I think it’s safe to say that he was frustrated, especially when comparing himself to other people in his industry.

“What is the difference between me and them? There is nothing they know that I don’t know…”

I had to explain a few things to answer his question.

#1: Volume

In the exact same amount of time he had been considering a switch to a low ticket MRR model (away from high ticket), his peers have launched and tested 5-10 strategies.

For example, if you look at 1000x Leads, we have tested:

  • 30 days free Trello

  • 7 days free Trello

  • 14 days Trello + bonuses

  • Webinar funnel

  • Each lead magnet on its own

  • All lead magnets in one lead magnet

  • $1 Trello

  • Live workshops

#2: Consistency

In the exact same amount of time he had been filming videos for his free course, his peers had been posting on Twitter, YouTube, LinkedIn, Tiktok and Instagram every day and iterating on the content to make it better.

He would have phases where he would tweet a few times per day, but never stay consistent.

He would have phases where he would do his prospecting, but never stay consistent.

He would have phases where he would be doing the right things, but never stay consistent.

This meant he would never grow any momentum, never get a solid routine going, and never feel the flywheel effects of iterating and getting better everyday.

#3: Beliefs

He was telling me about the types of offers he was trying to sell while he was stagnating.

After 3 seconds I knew what the problem was.

He was focused on ‘differentiating’ by offering more stuff.
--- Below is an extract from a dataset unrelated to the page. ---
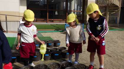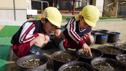 出てきたよ 公開日 2025/01/20 更新日 2025/01/20 保育の様子 4歳児は毎日水やりをしています。「これ見て!出てきた」と言って球根の芽を教えてくれました。「ここも出てる」と友達の芽も見つけてうれしそうでした。「何色咲くかわからんねんなあ」と花が咲くのを楽しみにしています。季節を感じながら身近な自然に関心をもつ機会を大事にしていきたいと思います。 いいね(0)

The problem with offering more stuff:

  • You reduce the number of people you can sell to by trying to sell everything at the same time (for example, it’s rare that someone will need help with ads and also sales at the same time, it happens but its more rare)

  • You reduce operational efficiency because you deliver a different thing for every client

  • You lose marketing efficiency because you’re talking about all this random stuff in your content instead of solving a specific problem for a specific customer

  • It is harder to sell a ‘full stack’ solution compared to a full solution to a narrow problem because a full stack solution is high commitment + high risk

  • Your skillset in a full stack solution will be beaten by someone focusing on one thing. They will become 10x better over time because their energy isn’t going in 10 directions.

What he should have been focusing on was differentiating by being better.

In marketing, ‘new’ and ‘more’ sound good.

But in reality, ‘more of the same’ and ‘better’ are far superior.

The Beliefs He Had To Break:

  • That offering ‘more’ was better than offering ‘better’

  • That making money and standing out was difficult, meaning he had to do all this complex stuff to grow (not true)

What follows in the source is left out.